Secret Messages Can Hide in AI-Generated Media
Introduction
On June 27, 2010, the FBI arrested 10 Russian spies who lived and worked as American professionals near New York City. The case, which unraveled an intricate system of false identities and clandestine meetings, exposed one of the largest spy networks in the U.S. since the Cold War ended and inspired the show The Americans.
It also brought attention to steganography, a way of disguising a secret message within another message. The New York spies hid their secrets in plain sight, encoding communications within the pixels of seemingly innocuous images posted on publicly available websites. To read them, the recipient had to download an image, translate it into the 1s and 0s of binary code, and know which altered digits, taken in sequence, would spell out the secret.
Steganography, which is both an art and a science, differs from the better-known method of secret communication known as cryptography. Where cryptography intentionally conceals the content of a message, transforming it into a tangle of text or numbers, steganography conceals the fact that a secret exists at all. “Steganography hides the presence of the message,” said Christian Cachin, a computer scientist and cryptographer at the University of Bern. “If an adversary can detect a hidden message, then the sender has lost the game.”
As with any method of covert communication, the challenge is how to make it perfectly secure, meaning neither a human nor a machine detector would suspect a message of hiding a secret. For steganography, this has long been a theoretical possibility, but it was deemed impossible to achieve with actual human communications.
The advent of large language models such as ChatGPT suggests a different way forward. While it might be impossible to guarantee security for text created by humans, a new proof lays out for the first time how to achieve perfect security for steganography in machine-generated messages — whether they’re text, images, video or any other media. The authors also include a set of algorithms to produce secure messages, and they are working on ways to combine them with popular apps.
“As we increasingly become a society where it’s very common to interface with AI models, there are increasingly many opportunities to encode secret information in media that people use all the time,” said Samuel Sokota, a computer scientist at Carnegie Mellon University who helped develop the new algorithms.

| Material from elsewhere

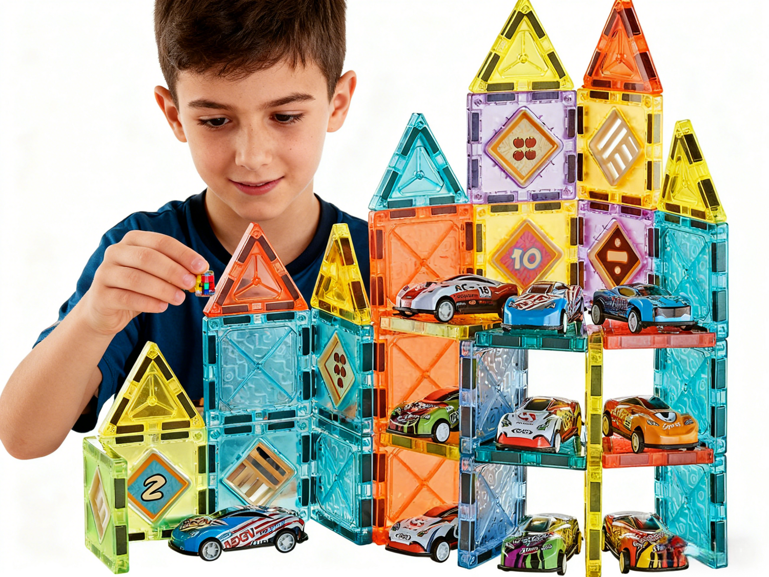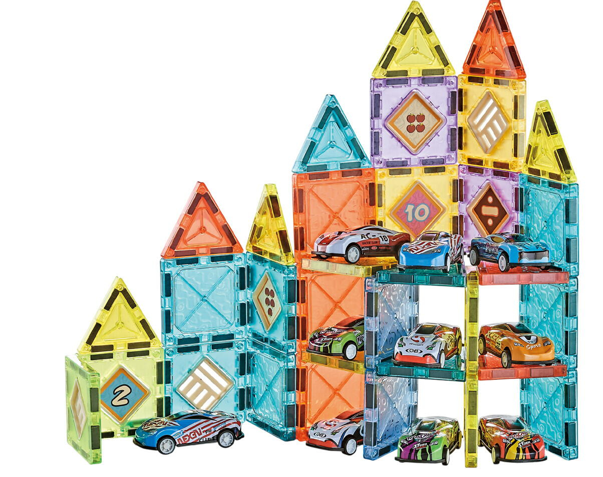 Acest set magnetic ii provoaca pe cei mici sa construiasca o parcare 3D pentru masinutele incluse, folosindu-si imaginatia, indemanarea si gandirea spatiala._x000D_ Caracteristici:_x000D_ _x000D_ 59 de piese in total: 49 piese de constructie din plastic durabil cu magnet integrat si 10 masinute simpatice, usor de manevrat de catre copii_x000D_ piesele magnetice se imbina usor si sigur, permitand constructii stabile in 2D si 3D_x000D_ copiii pot crea rampe, etaje, parcari sau trasee pentru masinute – totul dupa propria imaginatie_x000D_ este ideal pentru jocuri de rol, dar si pentru dezvoltarea logicii si coordonarii_x000D_ dezvolta gandirea logica, coordonarea mana-ochi, creativitatea si abilitatile motorii fine_x000D_ ideal pentru joaca individuala sau in grup, acasa, la gradinita sau afterschool_x000D_ culori vii si design robust, perfect pentru ore intregi de distractie educativa_x000D_ fabricat din plastic durabil cu magnet integrat, rezistent si usor de manevrat_x000D_ _x000D_ Setul include:_x000D_ _x000D_ 6 triunghiuri isoscele magnetice_x000D_ 7 triunghiuri echilaterale magnetice_x000D_ 12 patrate magnetice pline_x000D_ 8 patrate cu decupaj_x000D_ 16 piese de plastic pentru abtibilduri_x000D_ 10 masinute_x000D_ _x000D_ Dimensiuni: 30 Ñ… 6 Ñ… 21.5 cm_x000D_ Varsta recomandata: 3 ani+_x000D_ Atentie! Contine magneti. Inghitirea/inhalarea poate provoca accidente grave sau fatale. Consultati urgent medicul. Pericol de sufocare: Contine piese mici. Nerecomandat sub 3 ani. Indepartati ambalajele inainte de utilizare. Supravegheati copilul in timpul utilizarii. Pastrati instructiunile. Feriti de foc, caldura si umiditate. Produsul poate diferi de fotografie, specificatii sau ilustratii.

The result comes from the world of information theory, which provides a mathematical framework for understanding communication of all sorts. It’s an abstract and tidy field, in contrast to the complicated messiness of practical steganography. The worlds don’t often overlap, said Jessica Fridrich, a researcher at Binghamton University who studies ways to hide (and detect) data in digital media. But the new algorithms bring them together by satisfying long-standing theoretical criteria for security and suggesting practical applications for hiding messages in machine-generated content. The new algorithms could be harnessed by spies like the New York Russians, but they could also help people trying to get information in or out of countries that prohibit encrypted channels.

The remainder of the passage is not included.